**EXERCISE INPUT:**
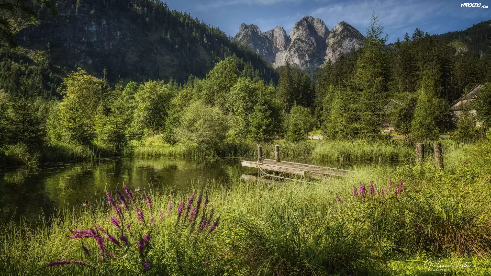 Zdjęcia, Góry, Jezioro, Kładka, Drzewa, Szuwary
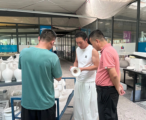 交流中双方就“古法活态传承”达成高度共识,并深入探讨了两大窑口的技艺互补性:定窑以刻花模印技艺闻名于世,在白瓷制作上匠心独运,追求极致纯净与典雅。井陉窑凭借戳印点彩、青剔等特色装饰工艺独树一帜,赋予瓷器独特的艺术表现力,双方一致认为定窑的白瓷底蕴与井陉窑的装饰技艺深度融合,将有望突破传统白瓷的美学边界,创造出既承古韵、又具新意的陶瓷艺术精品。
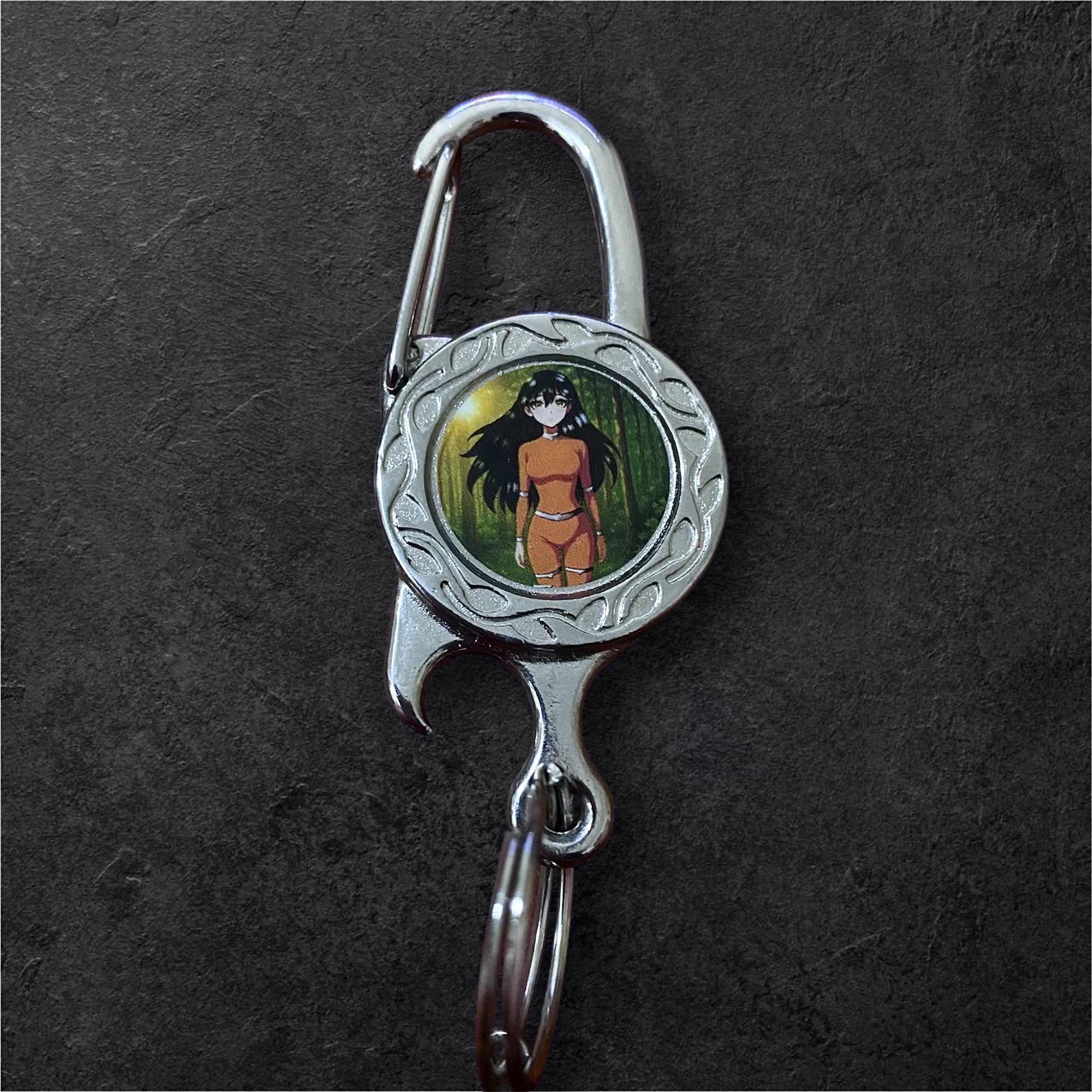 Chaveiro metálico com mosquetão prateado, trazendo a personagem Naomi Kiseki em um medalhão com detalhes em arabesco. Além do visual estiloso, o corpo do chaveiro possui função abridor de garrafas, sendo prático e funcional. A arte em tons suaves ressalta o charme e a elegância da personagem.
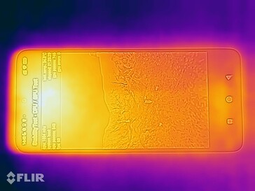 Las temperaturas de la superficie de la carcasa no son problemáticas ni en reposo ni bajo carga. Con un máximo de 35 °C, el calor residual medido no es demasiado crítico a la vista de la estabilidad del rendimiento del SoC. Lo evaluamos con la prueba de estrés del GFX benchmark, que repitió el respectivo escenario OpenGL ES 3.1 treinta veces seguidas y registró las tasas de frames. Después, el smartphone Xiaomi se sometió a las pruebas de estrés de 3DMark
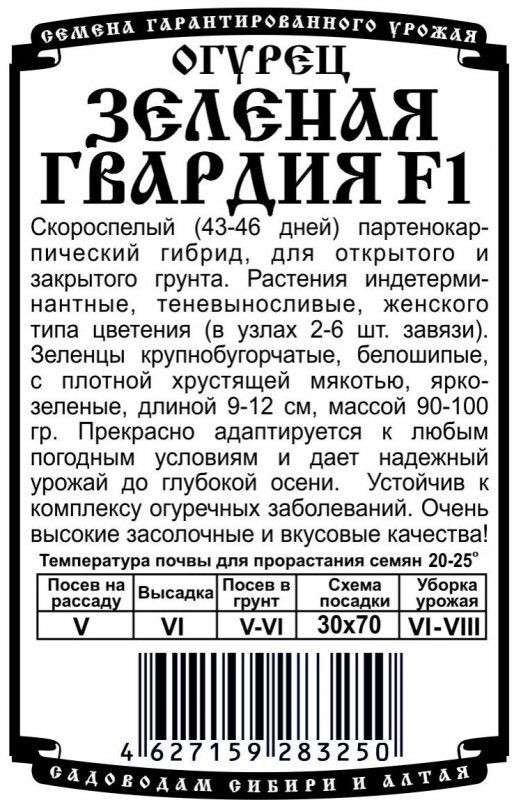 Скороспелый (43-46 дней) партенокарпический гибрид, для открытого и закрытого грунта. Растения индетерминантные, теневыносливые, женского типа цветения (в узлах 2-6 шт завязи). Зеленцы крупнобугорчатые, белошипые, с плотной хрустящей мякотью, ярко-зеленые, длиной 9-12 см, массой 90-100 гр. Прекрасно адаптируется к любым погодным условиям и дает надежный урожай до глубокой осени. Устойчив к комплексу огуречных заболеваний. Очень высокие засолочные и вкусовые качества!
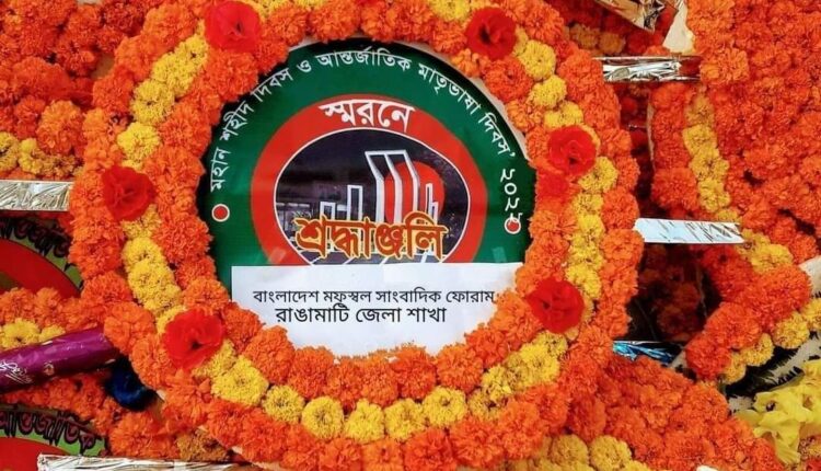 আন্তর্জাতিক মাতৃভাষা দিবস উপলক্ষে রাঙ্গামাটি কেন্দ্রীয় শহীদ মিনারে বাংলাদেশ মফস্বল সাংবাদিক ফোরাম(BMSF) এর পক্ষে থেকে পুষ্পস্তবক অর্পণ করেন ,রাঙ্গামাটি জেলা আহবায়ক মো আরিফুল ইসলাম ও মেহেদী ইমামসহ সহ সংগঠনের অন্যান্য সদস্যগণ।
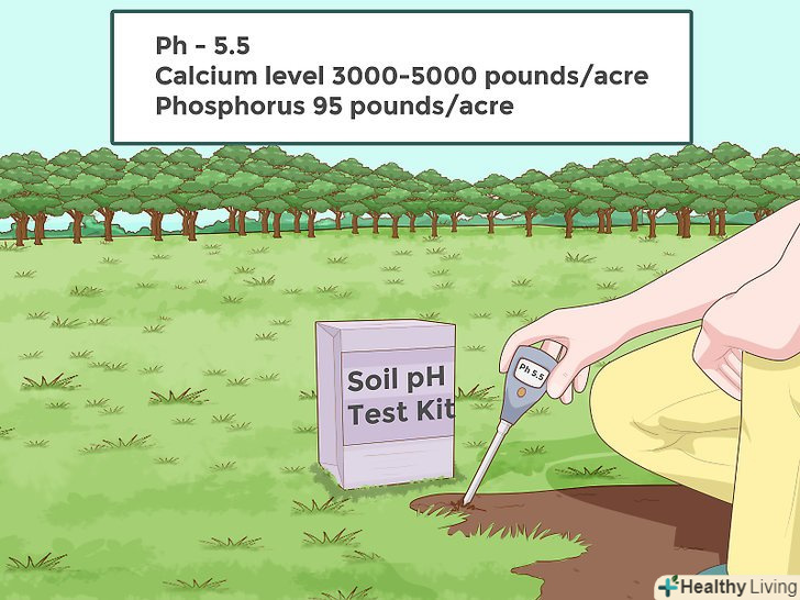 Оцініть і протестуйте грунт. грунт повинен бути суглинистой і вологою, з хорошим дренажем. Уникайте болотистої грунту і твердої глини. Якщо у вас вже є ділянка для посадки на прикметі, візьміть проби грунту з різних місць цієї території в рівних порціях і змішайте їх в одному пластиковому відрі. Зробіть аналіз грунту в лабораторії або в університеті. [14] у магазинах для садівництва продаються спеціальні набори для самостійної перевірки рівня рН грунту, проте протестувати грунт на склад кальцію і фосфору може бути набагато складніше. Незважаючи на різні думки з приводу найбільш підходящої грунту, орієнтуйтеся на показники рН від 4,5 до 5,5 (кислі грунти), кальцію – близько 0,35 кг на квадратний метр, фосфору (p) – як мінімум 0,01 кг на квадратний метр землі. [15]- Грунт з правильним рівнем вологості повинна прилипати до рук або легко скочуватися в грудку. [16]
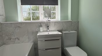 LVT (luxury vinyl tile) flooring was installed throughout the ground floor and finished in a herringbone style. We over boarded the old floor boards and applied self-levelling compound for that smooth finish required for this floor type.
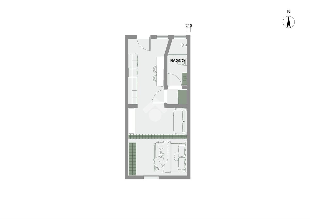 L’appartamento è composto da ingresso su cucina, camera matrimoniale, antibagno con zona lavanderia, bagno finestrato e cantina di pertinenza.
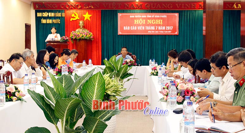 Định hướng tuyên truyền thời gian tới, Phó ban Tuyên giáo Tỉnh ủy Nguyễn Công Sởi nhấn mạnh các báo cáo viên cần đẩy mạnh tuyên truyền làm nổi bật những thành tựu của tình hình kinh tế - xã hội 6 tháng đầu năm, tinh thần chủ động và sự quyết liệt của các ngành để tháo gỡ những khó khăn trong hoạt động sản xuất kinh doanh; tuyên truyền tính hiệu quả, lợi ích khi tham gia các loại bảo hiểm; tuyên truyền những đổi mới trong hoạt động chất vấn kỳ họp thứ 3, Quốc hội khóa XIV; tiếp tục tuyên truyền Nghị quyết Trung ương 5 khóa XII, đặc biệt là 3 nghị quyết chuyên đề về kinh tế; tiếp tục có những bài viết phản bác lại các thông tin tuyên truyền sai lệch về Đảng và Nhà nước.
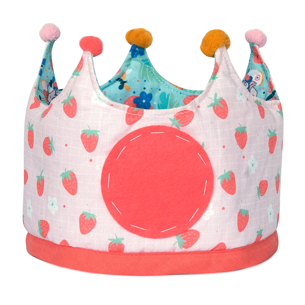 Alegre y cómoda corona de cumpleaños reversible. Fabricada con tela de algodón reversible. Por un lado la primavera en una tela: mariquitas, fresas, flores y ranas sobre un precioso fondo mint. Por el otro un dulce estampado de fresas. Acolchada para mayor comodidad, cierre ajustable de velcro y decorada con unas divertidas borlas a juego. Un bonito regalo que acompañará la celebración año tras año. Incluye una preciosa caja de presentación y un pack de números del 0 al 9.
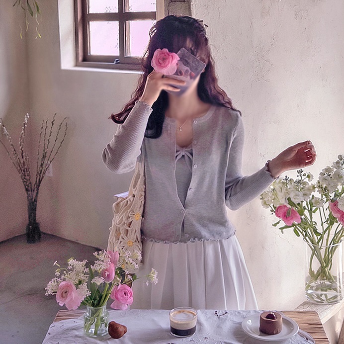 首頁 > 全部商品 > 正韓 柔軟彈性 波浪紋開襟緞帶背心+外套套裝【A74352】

**THE PROBLEM:**
In the copy you write, the data above must appear exactly, with no pictures.

**COMPLETED EXERCISE:**
 Zdjęcia, Góry, Jezioro, Kładka, Drzewa, Szuwary
 交流中双方就“古法活态传承”达成高度共识,并深入探讨了两大窑口的技艺互补性:定窑以刻花模印技艺闻名于世,在白瓷制作上匠心独运,追求极致纯净与典雅。井陉窑凭借戳印点彩、青剔等特色装饰工艺独树一帜,赋予瓷器独特的艺术表现力,双方一致认为定窑的白瓷底蕴与井陉窑的装饰技艺深度融合,将有望突破传统白瓷的美学边界,创造出既承古韵、又具新意的陶瓷艺术精品。
 Chaveiro metálico com mosquetão prateado, trazendo a personagem Naomi Kiseki em um medalhão com detalhes em arabesco. Além do visual estiloso, o corpo do chaveiro possui função abridor de garrafas, sendo prático e funcional. A arte em tons suaves ressalta o charme e a elegância da personagem.
 Las temperaturas de la superficie de la carcasa no son problemáticas ni en reposo ni bajo carga. Con un máximo de 35 °C, el calor residual medido no es demasiado crítico a la vista de la estabilidad del rendimiento del SoC. Lo evaluamos con la prueba de estrés del GFX benchmark, que repitió el respectivo escenario OpenGL ES 3.1 treinta veces seguidas y registró las tasas de frames. Después, el smartphone Xiaomi se sometió a las pruebas de estrés de 3DMark
 Скороспелый (43-46 дней) партенокарпический гибрид, для открытого и закрытого грунта. Растения индетерминантные, теневыносливые, женского типа цветения (в узлах 2-6 шт завязи). Зеленцы крупнобугорчатые, белошипые, с плотной хрустящей мякотью, ярко-зеленые, длиной 9-12 см, массой 90-100 гр. Прекрасно адаптируется к любым погодным условиям и дает надежный урожай до глубокой осени. Устойчив к комплексу огуречных заболеваний. Очень высокие засолочные и вкусовые качества!
 আন্তর্জাতিক মাতৃভাষা দিবস উপলক্ষে রাঙ্গামাটি কেন্দ্রীয় শহীদ মিনারে বাংলাদেশ মফস্বল সাংবাদিক ফোরাম(BMSF) এর পক্ষে থেকে পুষ্পস্তবক অর্পণ করেন ,রাঙ্গামাটি জেলা আহবায়ক মো আরিফুল ইসলাম ও মেহেদী ইমামসহ সহ সংগঠনের অন্যান্য সদস্যগণ।
 Оцініть і протестуйте грунт. грунт повинен бути суглинистой і вологою, з хорошим дренажем. Уникайте болотистої грунту і твердої глини. Якщо у вас вже є ділянка для посадки на прикметі, візьміть проби грунту з різних місць цієї території в рівних порціях і змішайте їх в одному пластиковому відрі. Зробіть аналіз грунту в лабораторії або в університеті. [14] у магазинах для садівництва продаються спеціальні набори для самостійної перевірки рівня рН грунту, проте протестувати грунт на склад кальцію і фосфору може бути набагато складніше. Незважаючи на різні думки з приводу найбільш підходящої грунту, орієнтуйтеся на показники рН від 4,5 до 5,5 (кислі грунти), кальцію – близько 0,35 кг на квадратний метр, фосфору (p) – як мінімум 0,01 кг на квадратний метр землі. [15]- Грунт з правильним рівнем вологості повинна прилипати до рук або легко скочуватися в грудку. [16]
 LVT (luxury vinyl tile) flooring was installed throughout the ground floor and finished in a herringbone style. We over boarded the old floor boards and applied self-levelling compound for that smooth finish required for this floor type.
 L’appartamento è composto da ingresso su cucina, camera matrimoniale, antibagno con zona lavanderia, bagno finestrato e cantina di pertinenza.
 Định hướng tuyên truyền thời gian tới, Phó ban Tuyên giáo Tỉnh ủy Nguyễn Công Sởi nhấn mạnh các báo cáo viên cần đẩy mạnh tuyên truyền làm nổi bật những thành tựu của tình hình kinh tế - xã hội 6 tháng đầu năm, tinh thần chủ động và sự quyết liệt của các ngành để tháo gỡ những khó khăn trong hoạt động sản xuất kinh doanh; tuyên truyền tính hiệu quả, lợi ích khi tham gia các loại bảo hiểm; tuyên truyền những đổi mới trong hoạt động chất vấn kỳ họp thứ 3, Quốc hội khóa XIV; tiếp tục tuyên truyền Nghị quyết Trung ương 5 khóa XII, đặc biệt là 3 nghị quyết chuyên đề về kinh tế; tiếp tục có những bài viết phản bác lại các thông tin tuyên truyền sai lệch về Đảng và Nhà nước.
 Alegre y cómoda corona de cumpleaños reversible. Fabricada con tela de algodón reversible. Por un lado la primavera en una tela: mariquitas, fresas, flores y ranas sobre un precioso fondo mint. Por el otro un dulce estampado de fresas. Acolchada para mayor comodidad, cierre ajustable de velcro y decorada con unas divertidas borlas a juego. Un bonito regalo que acompañará la celebración año tras año. Incluye una preciosa caja de presentación y un pack de números del 0 al 9.
 首頁 > 全部商品 > 正韓 柔軟彈性 波浪紋開襟緞帶背心+外套套裝【A74352】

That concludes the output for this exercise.